Ipek Saadet Edipoglu, Behiye Dogruel, Sevda Dizi, Melis Tosun, Nahit Çakar

Department of Anaesthesiology and Reanimation, Acibadem University School of Medicine, Istanbul, Turkey

Background and Aims: In this study, we aimed to evaluate whether the age or the APACHE-II score was a better predictor of mortality in each group. The secondary objective was to investigate the factors affecting the mortality in each individual age group.
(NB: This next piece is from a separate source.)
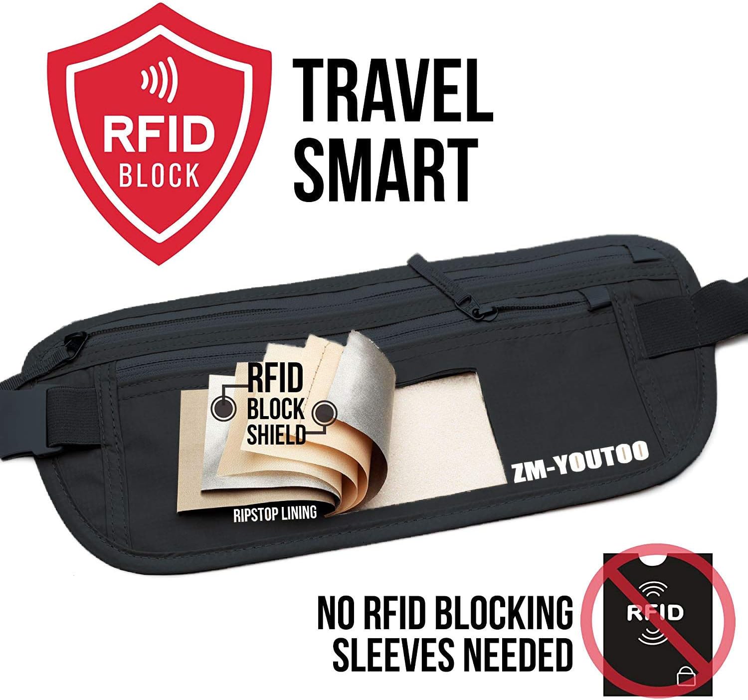 RFID MONEY BELT: Shield your bank cards and passports from being scanned by id thieves when you journey.
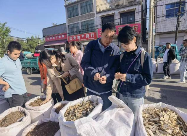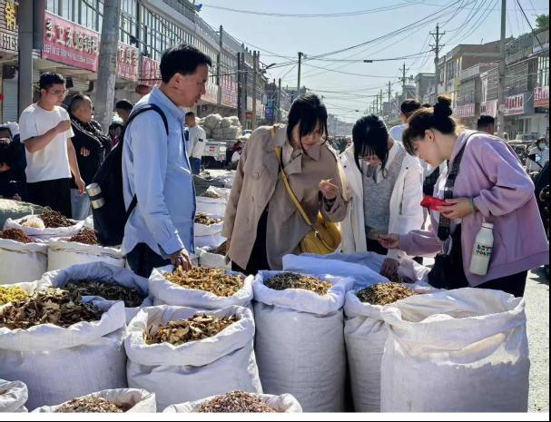 同时,团队前往全国最大的中药材饮片交易市场。教师们仔细观察不同药材的形态、质地,询问商家关于药材产地、功效及市场行情,了解中药材流通过程及市场需求动态。为更全面了解市场,团队在企业带领下奔赴十八里药材早市,为教学与实践相结合积累了鲜活素材。

Methods: We designed this retrospective study between 2016-2017. Age groups were classified into 3 classes: Patients < 60 years were Group 1, patients between 60-70 years were Group 2, and patients > 70 years were Group 3. We recorded patients’ age, ICU indication, demographic data, APACHE-II, ASA, length of hospital stays and mortality.
Results: We analysed 150 patients and reported mortality for 58 patients (38.7%). We did not detect any association between age and mortality for all groups. ASA, length of ICU stays and predicted mortality rate, were significantly higher for exitus patients (p < 0.001). The ROC curve for the APACHE-II score, with a cut-off point of 23, demonstrated 74.14% sensitivity, 60.87% specificity, an area under the curve (AUC) of 67.3%, with 4.5% standard deviation (SD). The ODDS ratio for APACHE-II scores was 4.459 (95% CI: 2.167-9.176). For the adjusted mortality rate, ROC analysis identified a cut-off of 60.8 with 70.69% sensitivity, 52.17% specificity, AUC of 61.2% and 4.6% SD. The ODDS ratio for the adjusted mortality rate was 2.631 (95% CI: 1.309-5.287).
Conclusion: We could not demonstrate any correlation between age and mortality. We consider APACHE-II as a valuable scoring system to predict mortality. We do not consider age as a predictor of mortality. Therefore, we do not suggest its use as a sole prognostic marker in ICU patients.